Records from a collection
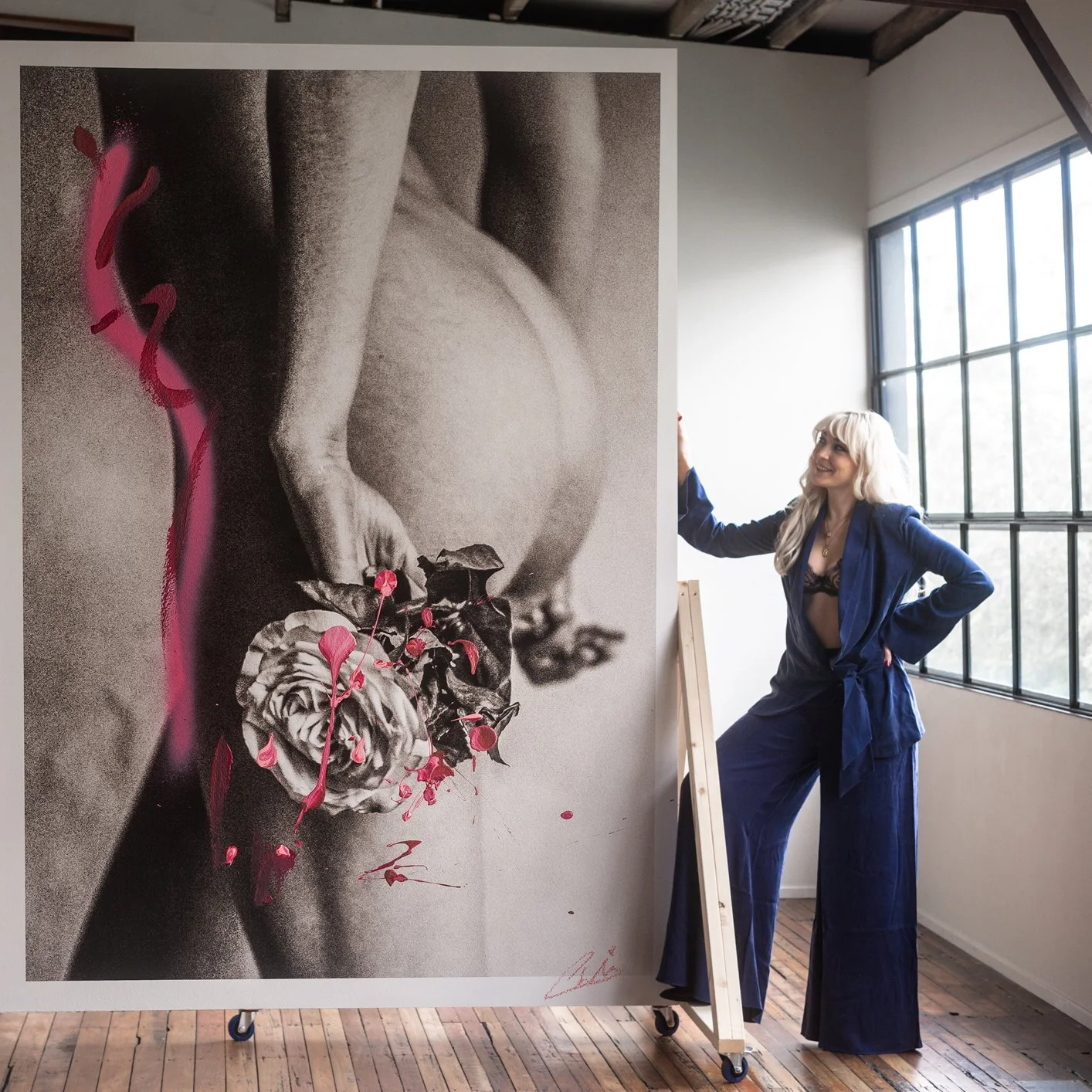 In her 10 year career she’s forged who own unique creative path, which has included several solo gallery shows, and directed shoots for Universal Music, HBO, Disney and Warner Bros. In recent years she’s taken to exploring the negative impact of Social Media on art, nothing that it is “a graveyard for originality, creativity, and authenticity”.
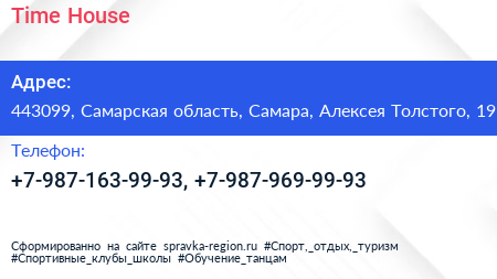Time House по адресу 443099, Самарская область, Самара, Алексея Толстого, 19 в дальнейшем Организация, размещена в следующих категориях:
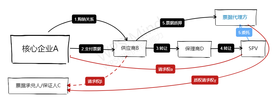 如前所述,“先票后保”模式下,第一權利順位是票據權利——票據請求權β,這幾乎意味著底層資產的第一還款來源是票據債務人對于票據的給付義務,如果將票據背書轉讓給保理商D或者SPV,讓后者直接擁有票據持有人權利,很難說清保理商D或者SPV受讓的底層資產是否屬于“源自票據的請求權”[3]或者直接被認為屬于票據貼現,而這對于保理商或者資產證券化項目來講,均有著合規問題上無法跨越的障礙。因此保理商D在開展保理業務時,受讓的直接標的并非票據權利(票據請求權β),而是處于中斷或休眠狀態的應收賬款債權α(債權請求權α),但票據項下的回款又理所應當成為應收債權項下回款,使得保理業務從法律邏輯上可以形成閉環。
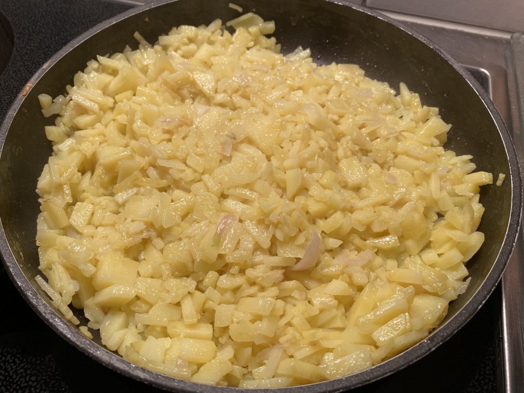 - In a deep frying pan set heat to medium, fry onion and potatoes until potatoes are cooked and soft
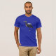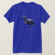 Esta camiseta muestra la Gran Perón Azul, un gran pájaro que camina en la familia de garza Ardeidae, común cerca de las costas de agua abierta y en los humedales. Él es la garza más grande de América del Norte. Entre las características destacables se incluyen plumas de vuelo latas, muslos de color rojo-marrón y una franja de paro rojo-marrón y negro por encima de los costados; el cuello es gris oxidado, con blanco y negro por la parte delantera; la cabeza es más pálida, con una cara casi blanca, y un par de columnas negras que van desde justo encima del ojo hasta la parte posterior de la cabeza. Las plumas en el cuello inferior son largas y de tipo plume. Debido a que esta es la temporada de reproducción, también tiene penachos en la parte inferior y una cuenta de naranjas. Está parado en aguas poco profundas y sus plumas están iluminadas por la luz luminosa del sol.
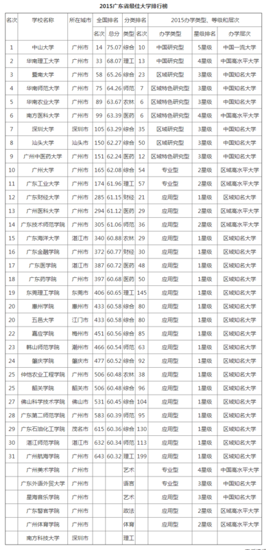 广东省理科一本大学排名
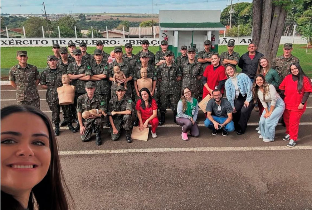 Acadêmicos do último ano da graduação também ministraram uma capacitação em Atendimento Pré Hospitalar para o Tiro de Guerra de Campo Mourão. Foram capacitados 20 soldados com conhecimento teórico e prático para atendimento a desengasgo e reanimação cardíaca de adulto e criança.
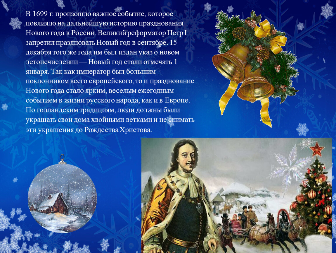 В 1699 г. произошло важное событие, которое повлияло на дальнейшую историю празднования Нового года в России. Великий реформатор Петр I запретил праздновать Новый год в сентябре. 15 декабря того же года им был издан указ о новом летоисчислении — Новый год стали отмечать 1 января. Так как император был большим поклонником всего европейского, то и празднование Нового года стало ярким, веселым ежегодным событием в жизни русского народа, как и в Европе. По голландским традициям, люди должны были украшать свои дома хвойными ветками и не снимать эти украшения до Рождества Христова.
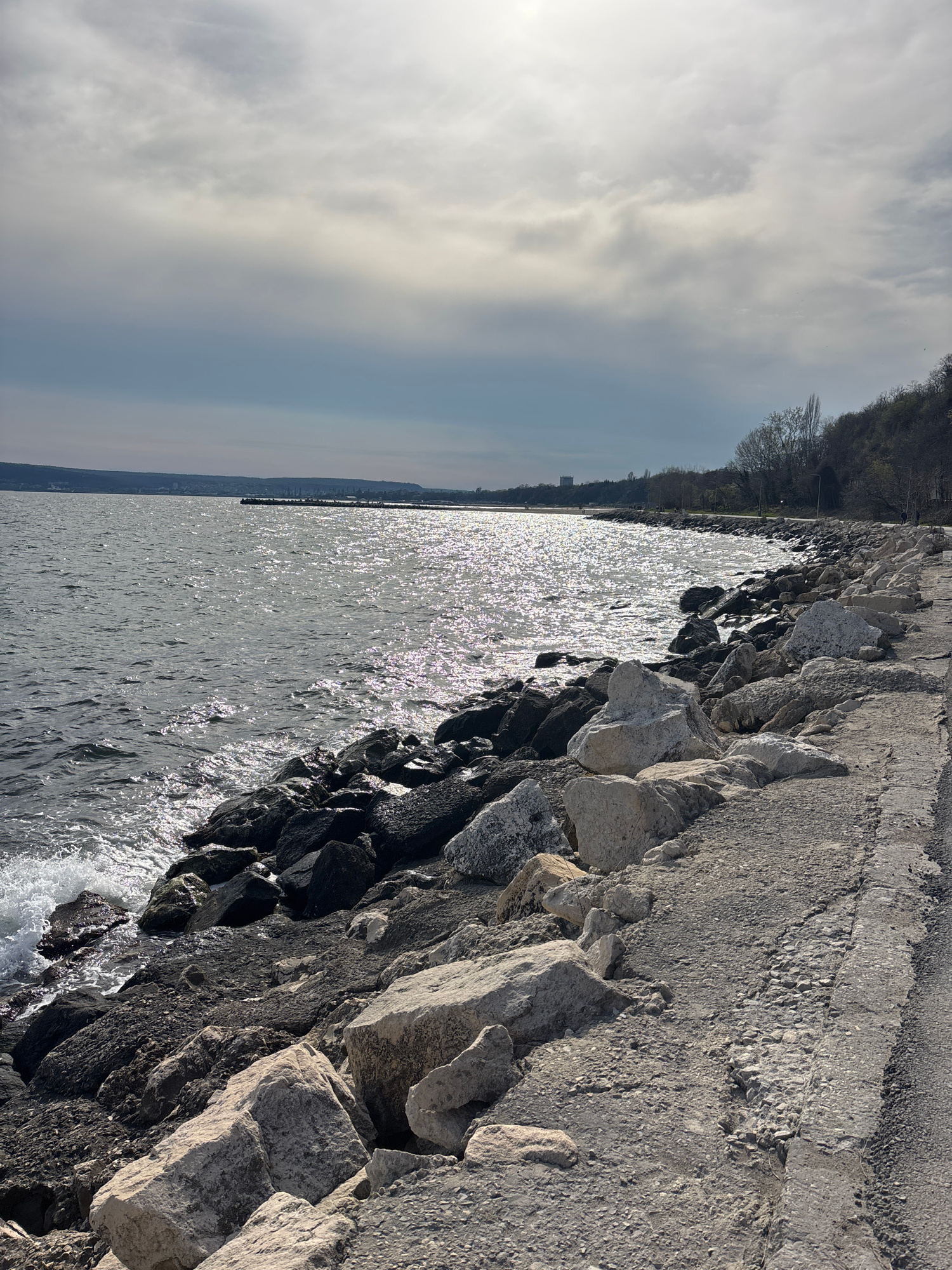This image captures a view of the Black Sea from the coastline in Varna, Bulgaria. A rocky embankment dominates the right foreground, transitioning from concrete pathway to large, gray and black bould…read more

Directions: The reply should hold only the lines running from the top of the records to the line containing "- In a deep", both included, copied exactly with no pictures.

Answer for the task:
 In her 10 year career she’s forged who own unique creative path, which has included several solo gallery shows, and directed shoots for Universal Music, HBO, Disney and Warner Bros. In recent years she’s taken to exploring the negative impact of Social Media on art, nothing that it is “a graveyard for originality, creativity, and authenticity”.
Time House по адресу 443099, Самарская область, Самара, Алексея Толстого, 19 в дальнейшем Организация, размещена в следующих категориях:
 如前所述,“先票后保”模式下,第一權利順位是票據權利——票據請求權β,這幾乎意味著底層資產的第一還款來源是票據債務人對于票據的給付義務,如果將票據背書轉讓給保理商D或者SPV,讓后者直接擁有票據持有人權利,很難說清保理商D或者SPV受讓的底層資產是否屬于“源自票據的請求權”[3]或者直接被認為屬于票據貼現,而這對于保理商或者資產證券化項目來講,均有著合規問題上無法跨越的障礙。因此保理商D在開展保理業務時,受讓的直接標的并非票據權利(票據請求權β),而是處于中斷或休眠狀態的應收賬款債權α(債權請求權α),但票據項下的回款又理所應當成為應收債權項下回款,使得保理業務從法律邏輯上可以形成閉環。
 - In a deep frying pan set heat to medium, fry onion and potatoes until potatoes are cooked and soft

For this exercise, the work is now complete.